The novel Signed Two-Space Proximity Model (S2-SPM) captures both positive and negative interactions in signed PPI networks using dual latent spaces.

## Key findings

- S2-SPM outperforms baseline methods in predicting signed PPI interactions.
- Archetypes identified by S2-SPM are biologically relevant, as shown by Gene Ontology enrichment analysis.
- The model's reliability is confirmed through statistical significance and robustness metrics like BNMI.

## Abstract

Accurately predicting complex protein–protein interactions (PPIs) is crucial for decoding biological processes, from cellular functioning to disease mechanisms. However, experimental methods for determining PPIs are computationally expensive. Thus, attention has been recently drawn to machine learning approaches. Furthermore, insufficient effort has been made toward analyzing signed PPI networks, which capture both activating (positive) and inhibitory (negative) interactions. To accurately represent biological relationships, we present the Signed Two-Space Proximity Model (S2-SPM) for signed PPI networks, which explicitly incorporates both types of interactions, reflecting the complex regulatory mechanisms within biological systems. This is achieved by leveraging two independent latent spaces to differentiate between positive and negative interactions while representing protein similarity through proximity in these spaces. Our approach also enables the identification of archetypes representing extreme protein profiles.

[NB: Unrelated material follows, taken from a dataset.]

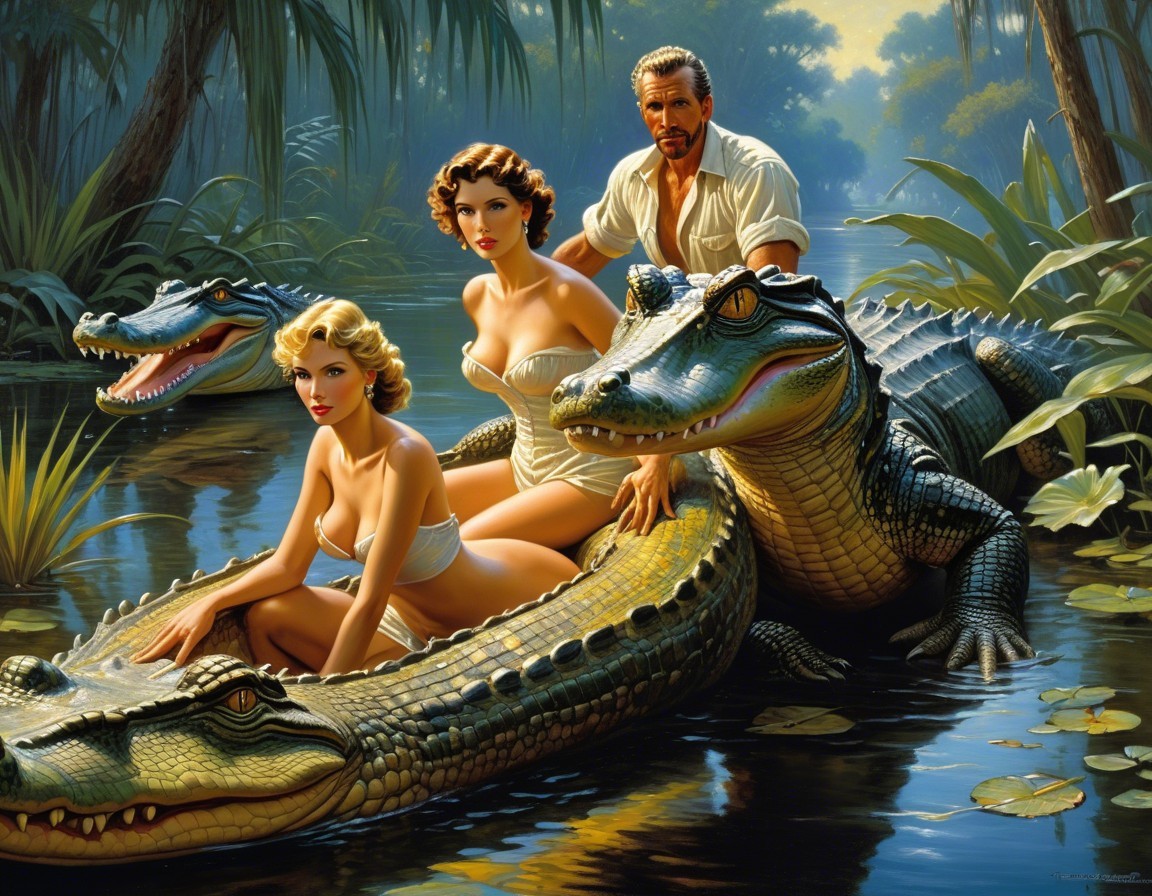 In a lush, tropical setting, a man and two women in vintage swimsuits ride on the backs of giant alligators through a serene swamp, surrounded by vibrant greenery and soft sunlight.

S2-SPM’s superior performance in predicting the presence and sign of interactions in SPPI networks is demonstrated in link prediction tasks against relevant baseline methods. Additionally, the biological prevalence of the identified archetypes is confirmed by an enrichment analysis of Gene Ontology (GO) terms, which reveals that distinct biological tasks are associated with archetypal groups formed by both interactions. This study is also validated regarding statistical significance and sensitivity analysis, providing insights into the functional roles of different interaction types. Finally, the robustness and consistency of the extracted archetype structures are confirmed using the Bayesian Normalized Mutual Information (BNMI) metric, proving the model’s reliability in capturing meaningful SPPI patterns.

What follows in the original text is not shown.